Further, the DOJ argues that because the individual mandate penalty of $0 starts in 2019, the district court should not immediately strike the individual mandate, guaranteed issue, and community rating portions of the ACA. Instead, the DOJ asks the district court to declare that the individual mandate, guaranteed issue, and community rating provisions will be unconstitutional as of January 1, 2019.
It’s too early to determine whether the plaintiffs, the DOJ, or the other defendants will prevail in their arguments. Even if the district court makes a decision in the next few weeks, its decision will likely be appealed.
CMS Releases Form for Reporting Wraparound Excepted Benefits
Under a 2015 final rule by the Internal Revenue Service, U.S. Department of Labor, and U.S. Department of Health and Human Services, certain employers may offer limited wraparound coverage under one of two narrow pilot programs.
These wraparound benefits are considered an excepted benefit and are generally exempt from certain requirements of federal laws, including ERISA, the Internal Revenue Code, and parts of the Patient Protection and Affordable Care Act.
Under the final rule, plan sponsors who offer limited wraparound coverage have reporting requirements.

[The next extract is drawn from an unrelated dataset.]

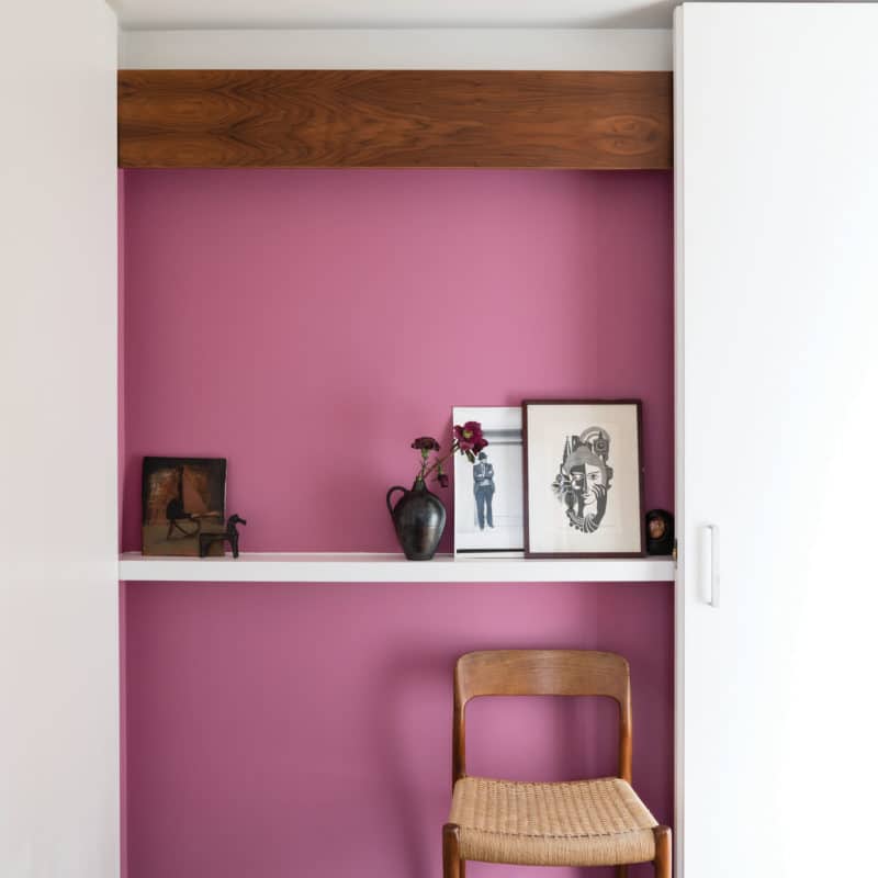 La peinture mate absorbe la lumière, ce qui crée un effet enveloppant, presque feutré. C’est le rendu “cocooning” par excellence, parfait pour délimiter subtilement un espace. Peindre un pan de mur en mat peut suffire à transformer l’ambiance. En revanche, cette finition pardonne peu : la moindre bosse, la plus petite rayure ressortent rapidement.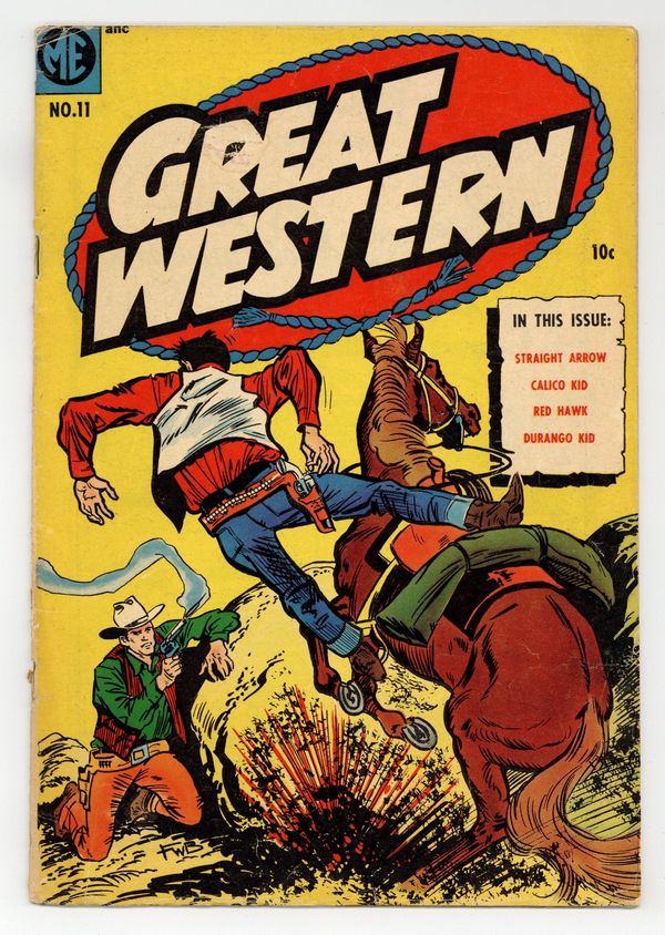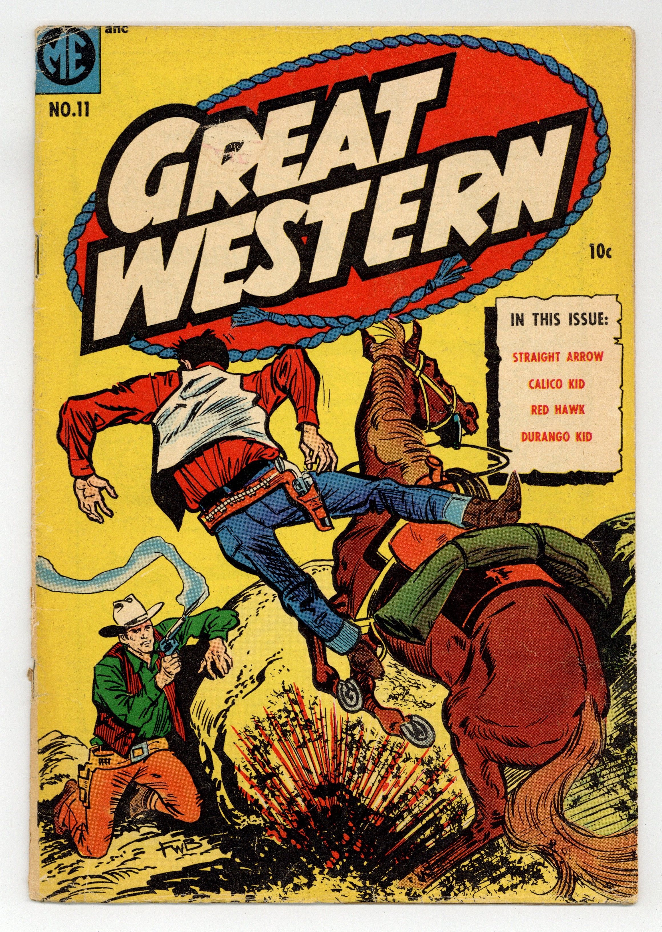 (A-1 Comics #127) Cover by Frank Bolle. Stories by Gardner Fox and others. Art by Dick Ayers , Fred Meagher, Joe Certa and Bob Powell. Sometimes listed as A1 Comics (1944 Life's Romances) #127. Tales of Western adventure from Magazine Enterprises, featuring heroes like Red Hawk and the Durango Kid. To escape his capture by the Blackfeet, Red Hawk must use a legendary unbendable bow; Outlaws believe they have killed Straight Arrow, but his ghost rides after them; Durango Kid seeks the culprits behind the very first Pony Express robbery. Also featuring an ad for a glow-in-the-dark Ghost Rider scarf/mask for kids to wear. Straight Arrow: The Ghosts of Straight Arrow; Red Hawk: The Bow That Would Not Bend; Durango Kid: Peril of the Pony Express; The Calico Kid: Night Fight. 32 pages, Full Color. Cover price $0.10.

In December 2017, the Centers for Medicare and Medicaid Services (CMS) issued a notice for comments on a proposed reporting form.
On June 25, 2018, the CMS published its Reporting Form for Plan Sponsors Offering Limited Wraparound Coverage. A plan sponsor of limited wraparound coverage must file the form once, within 60 days of the form’s publication (by August 24, 2018), or 60 days after the first day of the first plan year that limited wraparound coverage is first offered.
Question of the Month
Q. Who must pay the Patient-Centered Outcomes Research Institute (PCORI) fee and when is the fee due?
A. The fee must be determined and paid by:
- The insurer for fully insured plans (although the fee likely will be passed on to the plan)
- The plan sponsor of self-funded plans, including HRAs
- The plan’s TPA may assist with the calculation, but the plan sponsor must file IRS Form 720 and pay the applicable fee
- If multiple employers participate in the plan, each must file separately unless the plan document designates one as the plan sponsor
The fee is due by July 31 of the year following the calendar year in which the plan/policy year ends. For example:
|Plan/Policy Years||Year Fee Is
|Plan/Policy Year||Year Fee Is
|Nov. 1, 2015 – Oct. 31, 2016||July 31, 2017||Nov. 1, 2016 – Oct. 31, 2017||July 31, 2018|
|Dec. 1, 2015 – Nov. 30, 2016||July 31, 2017||Dec. 1, 2016 – Nov. 30, 2017||July 31, 2018|
|Jan. 1, 2016 – Dec. 31, 2016||July 31, 2017||Jan. 1, 2017 – Dec. 31, 2017||July 31, 2018|
|Feb. 1, 2016 – Jan. 31, 2017||July 31, 2018||Feb. 1, 2017 – Jan. 31, 2018||July 31, 2019|
|March 1, 2016 – Feb. 28, 2017||July 31, 2018||March 1, 2017 – Feb. 28, 2018||July 31, 2019|
|April 1, 2016 – March 31, 2017||July 31, 2018||April 1, 2017 – March 31, 2018||July 31, 2019|
|May 1, 2016 – April 30, 2017||July 31, 2018||May 1, 2017 – April 30, 2018||July 31, 2019|
|June 1, 2016 – May 31, 2017||July 31, 2018||June 1, 2017 – May 31, 2018||July 31, 2019|
|July 1, 2016 – June 30, 2017||July 31, 2018||July 1, 2017 – June 30, 2018||July 31, 2019|
|Aug. 1, 2016 – July 31, 2017||July 31, 2018||Aug. 1, 2017 – July 31, 2018||July 31, 2019|
|Sept. 1, 2016 – Aug. 31, 2017||July 31, 2018||Sept. 1, 2017 – Aug. 31, 2018||July 31, 2019|
|Oct. 1, 2016 – Sept. 30, 2017||July 31, 2018||Oct. 1, 2017 – Sept. 30, 2018||July 31, 2019|
This information is general and is provided for educational purposes only. It reflects UBA’s understanding of the available guidance as of the date shown and is subject to change. It is not intended to provide legal advice. You should not act on this information without consulting legal counsel or other knowledgeable advisors.